Samantha Warren, the director of government and community relations for the UMaine system, spoke on behalf of board of trustees Chair Tish Riley on March 15, in opposition to the bill. 

Quoting a statement from Riley, Warren said the trustees are “reviewing our personnel policies — including those pertaining to hiring and promotion — and assure they adequately provide fair, transparent and effective processes that include accountability and oversight.”

The final report will be presented at the trustees’ July meeting, a spokesperson said. 

“We think this bill ought not to pass,” Warren testified. “We think it’s a gross overstep of the legislature getting involved in the hiring and personnel policies of the university. (It’s) certainly not doing that for the community colleges, for Maine Maritime or any other state agency, but again, we are committed to providing that to you, because … the desire for more transparency and ensuring that things are consistent, the board shares.” 

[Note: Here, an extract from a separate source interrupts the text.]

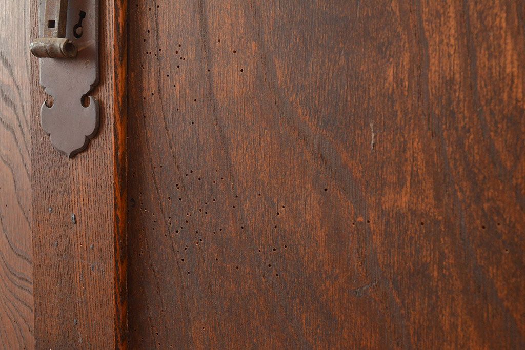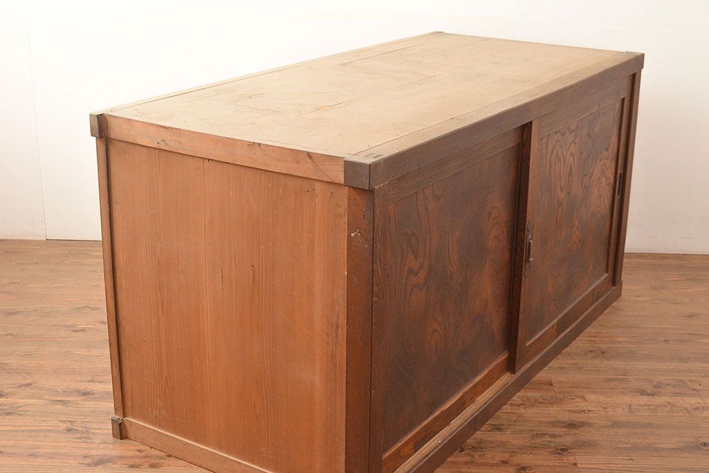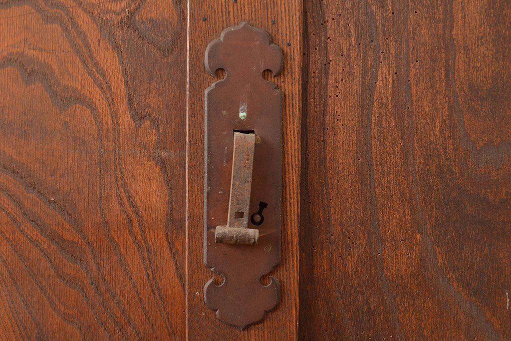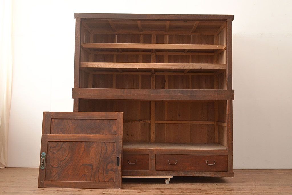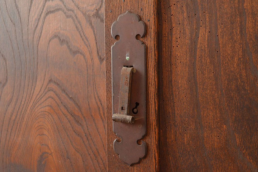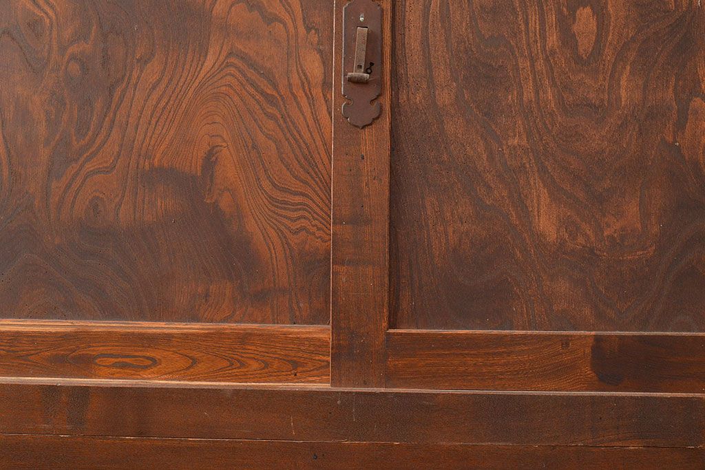 和製アンティーク 大正初期 鏡板ケヤキ材・枠ヒノキ材 重ね戸棚・上段(収納棚、サイドボード)(R-048928)

Both Collings and a source close to the UMA dean of students search said they understand some parts of the search has to be private due to “personnel issues,” but Collings said it should be explained why a portion of the search is private, if that is the case. 

“It would be better off to say the University System will create concrete policies of operations on how to conduct searches that are fair, unbiased and without conflict of interest,” the source said. “That would hold water because personnel matters are confidential.”